It is well established that multiple sclerosis is a heritable disease. Nevertheless, the susceptibility genes for this common condition have so far eluded researchers. Two studies reported in Nature Genetics now take us a step closer to unravelling the genetic risk factors that underlie this disorder.

The only known genomic region that has been linked to multiple sclerosis is the major histocompatibility complex (MHC) on chromosome 6, a large region that is involved in immune responses. Lincoln and colleagues used this as the starting point for their large-scale search for multiple sclerosis risk genes.

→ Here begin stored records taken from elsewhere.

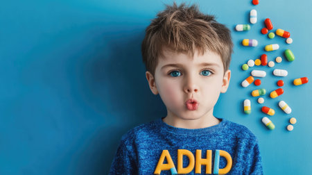 Caucasian boy with ADHD surrounded by various colorful pills on blue background
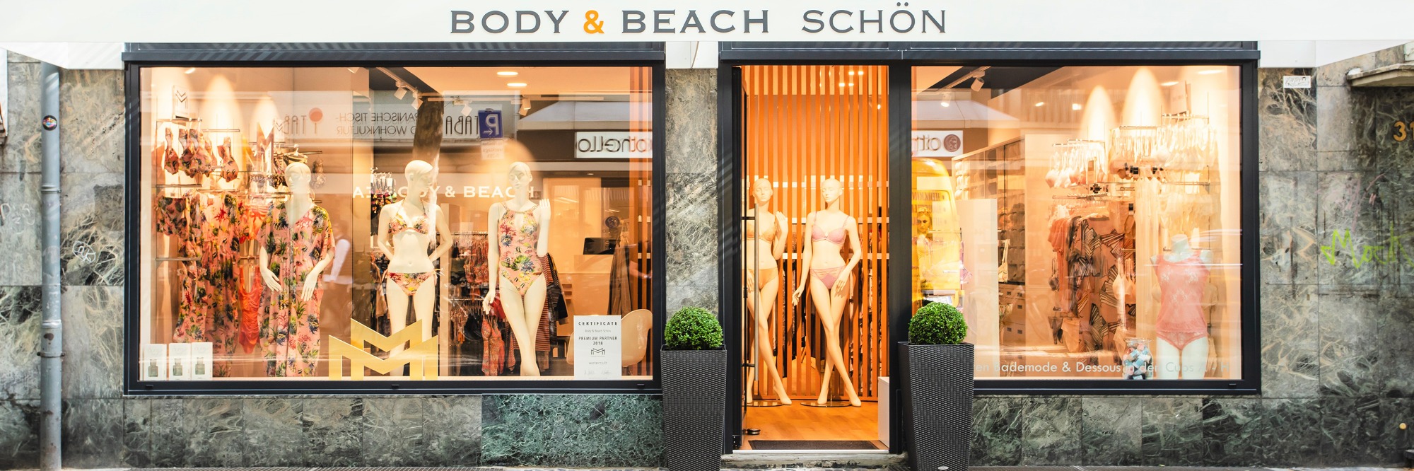 In den modernen Räumlichkeiten der Body & Beach-Filialen werden Sie von einem engagierten Team mit hoher Kompetenz, Know-how und Trendgespür hervorragend beraten.
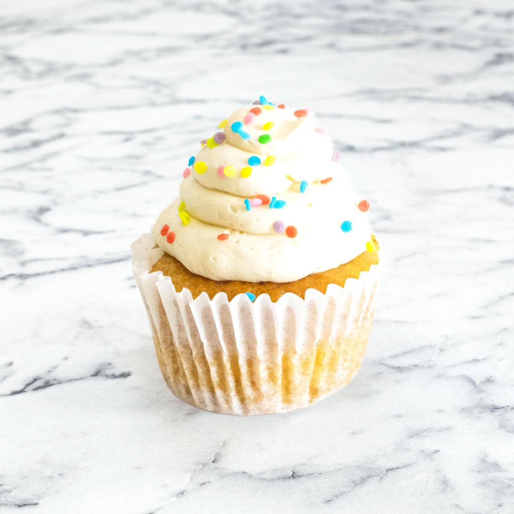 A box of our vegan vanilla cupcakes, moist vanilla sponge with silky vanilla buttercream and topped off with sugar sprinkles.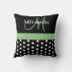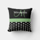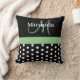 Zwart Wit Groen Monogram Script Polka Dots Kussen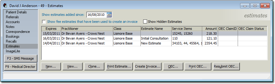 Open the patient's record, and select the Estimates entry in the menu.

These researchers genotyped two independent samples of individuals with multiple sclerosis from Canada and Finland using a dense panel of single nucleotide polymorphisms (SNPs) that cover the MHC region. They confirmed the associations between this genomic region and multiple sclerosis. Moreover, they narrowed the candidate region to HLA-DRB1 as the most promising susceptibility locus.

In the second study, Reich and colleagues used high-powered admixture mapping — a technique that identifies genomic regions with disease genes by exploiting differences in genetic marker frequency among different populations. Populations with combined ancestry have different frequencies of susceptibility genes that reflect the extent to which each original population has contributed to each individual's genome. As multiple sclerosis is more prevalent among European Americans than African Americans, genomic regions that contain risk genes would therefore be associated with a greater European than African contribution in African American individuals with multiple sclerosis.

Reich et al. studied a large group of African Americans and found a strong association between the extent of European ancestry and multiple sclerosis around the centromere of chromosome 1. However, they did not discover admixture associations elsewhere on the genome, including the MHC region.

Although further large-scale studies will be required to reconcile these findings and to further refine our knowledge of the particular genes that confer risk for multiple sclerosis, these studies highlight promising candidates for future exploration. Moreover, the success of admixture mapping suggests that it could be a powerful tool for identifying genetic risk factors in other complex disorders.